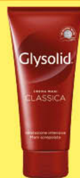
GLYSOLID TUBO 100 ML
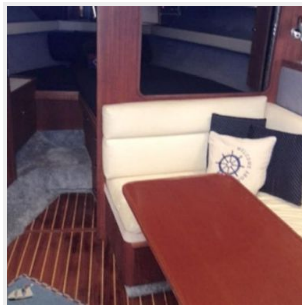
View aft from galley
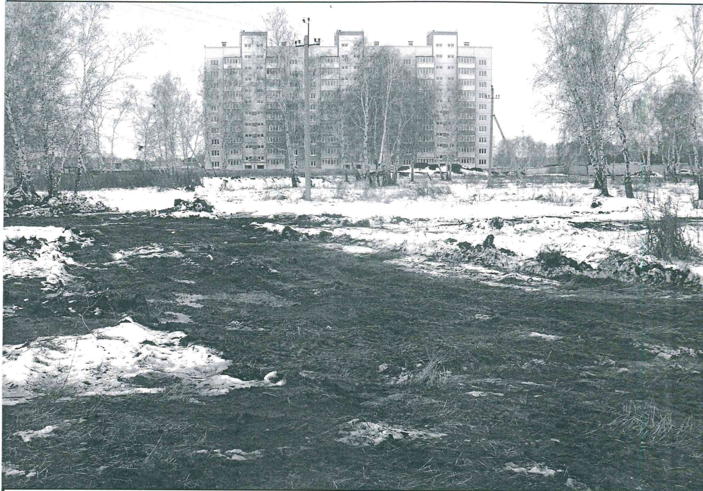
Земельный участок с кадастровым номером 55:36:170110:3188, предоставленный в ГОО «Омское общество автомобилистов» по договору аренды № ДГУ-Л-35-2286 для строительства наземного многоэтажного гаража-стоянки с СТО
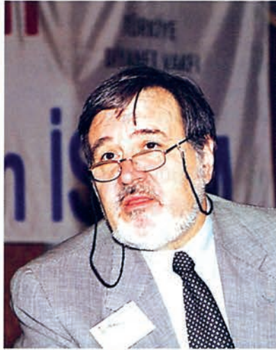
Prof.Dr. İlber Ortaylı

E sas itibariyle bugünkü mevzumuz, "Üçüncü 1000'e Girenken İslâm'ı Anlamak"tır. Zaman, bir referans meselesidir, bir demirleme meselesidir. Üçüncü 1000, kullandığımız takvim icabıdır. Bunun çok anormal bir değişim, büyük bir milenyum olmadığı da açıktır, olaylar da bunu gösteriyor, hiçbir şey fark etmiyor. Dolayısıyla, bunu bir zaman olarak anlıyoruz. Dünya, üçüncü 1000'e girerken büyük bir değişikliğe giriyor değil aslında; yorumlar öyle, ama bazı olaylar tabii ortamı değiştirdi bizim için.
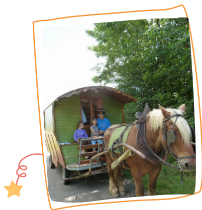
2015 1 er rêve Dormir dans une roulotte
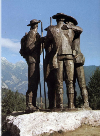
Ob 200-letnici prvega vzpona na vrh Triglava so štirim srčnim možem postavili spomenik v Bohinju.

Pozneje je preteklo več kot stoletje, da se je osvajanje gore nadaljevalo, sprva prek mednarodnostnega rivalstva pri gradnji planinskih zavetišč zdaj nemških, zdaj slovenskih domoljubov in se končno preselilo tudi v njegovo mogočno Severno steno. S stališča narodne zavesti v težavnem obdobju na prehodu iz 19. v 20. stoletje je enega najpomembnejših pečatov Slovincem nasploh vtisnil župnik Jakob Aljaž . Od občine Dovje je spretno odkupil sam vrh Triglava, z veliko mero pravniške spretnosti uredil lastniške pravice in dovoljenja in 7. avgusta 1895 prav na vrhu očaka postavil simbolično zavetišče, današnji Aljažev stolp. Dejanje brez primere!
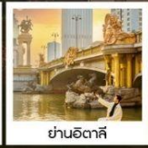
ย่านอิตาลี
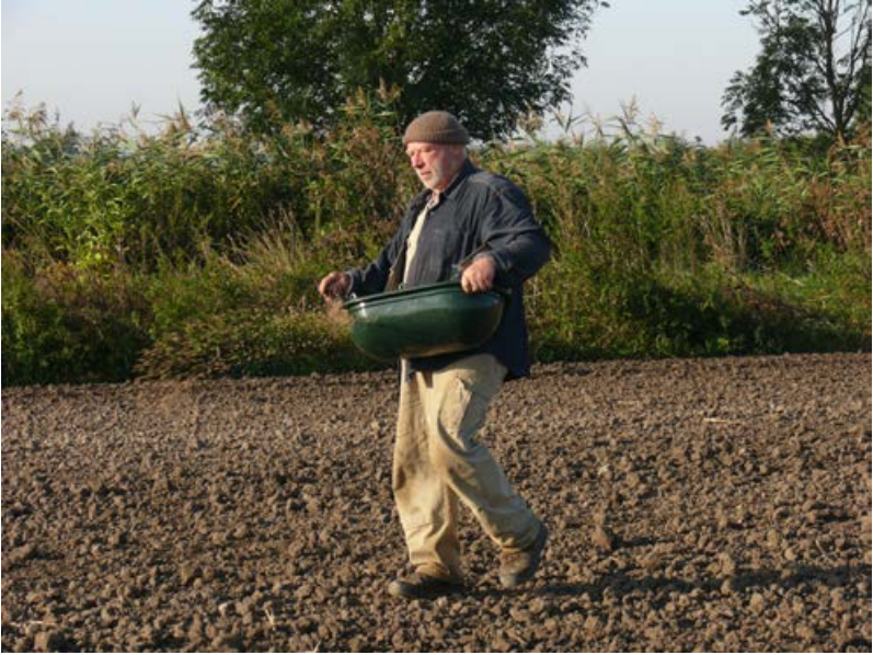
Handsaat mit Saatwanne [18]
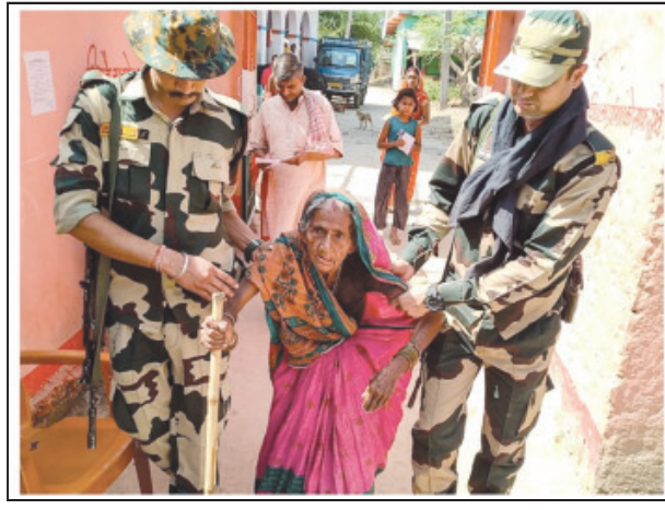
ରାହୁଲ, ହେମାନାଲିନୀ, ଓମ୍ ବିର୍ଲା, ରାଜୀବଙ୍କ ଭାଗ୍ୟ ନିର୍ଦ୍ଧାରଣ ହେବ

ନୂଆଦିଲ୍ଲୀ, ୨୬/୪ : ଲୋକସଭା ନିର୍ବାଚନ ଲାଗି ଦ୍ୱିତୀୟ ପର୍ଯ୍ୟାୟ ଭୋଟ୍ ଗ୍ରହଣ ଆଜି ଶେଷ ହୋଇଛି । ସନ୍ଧ୍ୟା ୫ଟା ସୁଦ୍ଧା ୧୩ ଲାକ୍ଷର ୮୮ ଲୋକସଭା ନିର୍ବାଚନପତ୍ରିକା ଲାଗି ୬୦.୬% ଭୋଟ୍ ହୋଇଥିବା ସୂଚନା ମିଳିଛି । କେରଳର ୨୦ ଲୋକସଭା ଆସନର ଭୋଟ୍ ସରିଛି । ସମସ୍ତଙ୍କ ଆଖି ଏବେ କେରଳ ଉପରେ ରହିଛି । କାରଣ କେରଳର ଡେମୋକ୍ରେଟିକ୍ କଂଗ୍ରେସର ପ୍ରମୁଖ ନେତା ରାହୁଲ ଗାନ୍ଧି ନିର୍ବାଚନ ଲଢୁଛନ୍ତି । ତେବେ ପଶ୍ଚିମବଙ୍ଗରେ ସର୍ବାଧିକ ୨୯% ଭୋଟ୍ ଆସିଛି । ମାଣିପୁର, ଛତିଶଗଡ, ପଶ୍ଚିମବଙ୍ଗ, ଆସାମ ଓ ତ୍ରିପୁରାରେ ୨୦%ରୁ ଅଧିକ ଭୋଟ୍ ହୋଇଥିବା ଜଣାପଡିଛି । ସେହିଭଳି ଉତ୍ତରପ୍ରଦେଶ, (୯ ପୁଷ୍ପାରେ)
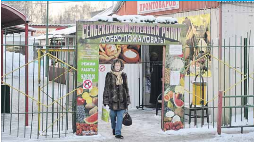
Рынок на пересечении Сиреневого бульвара и 15-й Парковой застрял во вчерашнем дне

Префектура ВАО совместно с городским Департаментом торговли и услуг приняла решение о закрытии с 1 января 2014 года двух рынков на территории ВАО — на пересечении Сиреневого бульвара и улицы 15-й Парковой (компания «Анжелика компани») и рынка «Измайловский комплекс» на 3-й Парковой, вл. 24.

=====

## Your task
Copy the listing above verbatim; the pictures it contains are to stay out.

## Answer for the task
GLYSOLID TUBO 100 ML
View aft from galley
Земельный участок с кадастровым номером 55:36:170110:3188, предоставленный в ГОО «Омское общество автомобилистов» по договору аренды № ДГУ-Л-35-2286 для строительства наземного многоэтажного гаража-стоянки с СТО
Prof.Dr. İlber Ortaylı

E sas itibariyle bugünkü mevzumuz, "Üçüncü 1000'e Girenken İslâm'ı Anlamak"tır. Zaman, bir referans meselesidir, bir demirleme meselesidir. Üçüncü 1000, kullandığımız takvim icabıdır. Bunun çok anormal bir değişim, büyük bir milenyum olmadığı da açıktır, olaylar da bunu gösteriyor, hiçbir şey fark etmiyor. Dolayısıyla, bunu bir zaman olarak anlıyoruz. Dünya, üçüncü 1000'e girerken büyük bir değişikliğe giriyor değil aslında; yorumlar öyle, ama bazı olaylar tabii ortamı değiştirdi bizim için.
2015 1 er rêve Dormir dans une roulotte
Ob 200-letnici prvega vzpona na vrh Triglava so štirim srčnim možem postavili spomenik v Bohinju.

Pozneje je preteklo več kot stoletje, da se je osvajanje gore nadaljevalo, sprva prek mednarodnostnega rivalstva pri gradnji planinskih zavetišč zdaj nemških, zdaj slovenskih domoljubov in se končno preselilo tudi v njegovo mogočno Severno steno. S stališča narodne zavesti v težavnem obdobju na prehodu iz 19. v 20. stoletje je enega najpomembnejših pečatov Slovincem nasploh vtisnil župnik Jakob Aljaž . Od občine Dovje je spretno odkupil sam vrh Triglava, z veliko mero pravniške spretnosti uredil lastniške pravice in dovoljenja in 7. avgusta 1895 prav na vrhu očaka postavil simbolično zavetišče, današnji Aljažev stolp. Dejanje brez primere!
ย่านอิตาลี
Handsaat mit Saatwanne [18]
ରାହୁଲ, ହେମାନାଲିନୀ, ଓମ୍ ବିର୍ଲା, ରାଜୀବଙ୍କ ଭାଗ୍ୟ ନିର୍ଦ୍ଧାରଣ ହେବ

ନୂଆଦିଲ୍ଲୀ, ୨୬/୪ : ଲୋକସଭା ନିର୍ବାଚନ ଲାଗି ଦ୍ୱିତୀୟ ପର୍ଯ୍ୟାୟ ଭୋଟ୍ ଗ୍ରହଣ ଆଜି ଶେଷ ହୋଇଛି । ସନ୍ଧ୍ୟା ୫ଟା ସୁଦ୍ଧା ୧୩ ଲାକ୍ଷର ୮୮ ଲୋକସଭା ନିର୍ବାଚନପତ୍ରିକା ଲାଗି ୬୦.୬% ଭୋଟ୍ ହୋଇଥିବା ସୂଚନା ମିଳିଛି । କେରଳର ୨୦ ଲୋକସଭା ଆସନର ଭୋଟ୍ ସରିଛି । ସମସ୍ତଙ୍କ ଆଖି ଏବେ କେରଳ ଉପରେ ରହିଛି । କାରଣ କେରଳର ଡେମୋକ୍ରେଟିକ୍ କଂଗ୍ରେସର ପ୍ରମୁଖ ନେତା ରାହୁଲ ଗାନ୍ଧି ନିର୍ବାଚନ ଲଢୁଛନ୍ତି । ତେବେ ପଶ୍ଚିମବଙ୍ଗରେ ସର୍ବାଧିକ ୨୯% ଭୋଟ୍ ଆସିଛି । ମାଣିପୁର, ଛତିଶଗଡ, ପଶ୍ଚିମବଙ୍ଗ, ଆସାମ ଓ ତ୍ରିପୁରାରେ ୨୦%ରୁ ଅଧିକ ଭୋଟ୍ ହୋଇଥିବା ଜଣାପଡିଛି । ସେହିଭଳି ଉତ୍ତରପ୍ରଦେଶ, (୯ ପୁଷ୍ପାରେ)
Рынок на пересечении Сиреневого бульвара и 15-й Парковой застрял во вчерашнем дне

Префектура ВАО совместно с городским Департаментом торговли и услуг приняла решение о закрытии с 1 января 2014 года двух рынков на территории ВАО — на пересечении Сиреневого бульвара и улицы 15-й Парковой (компания «Анжелика компани») и рынка «Измайловский комплекс» на 3-й Парковой, вл. 24.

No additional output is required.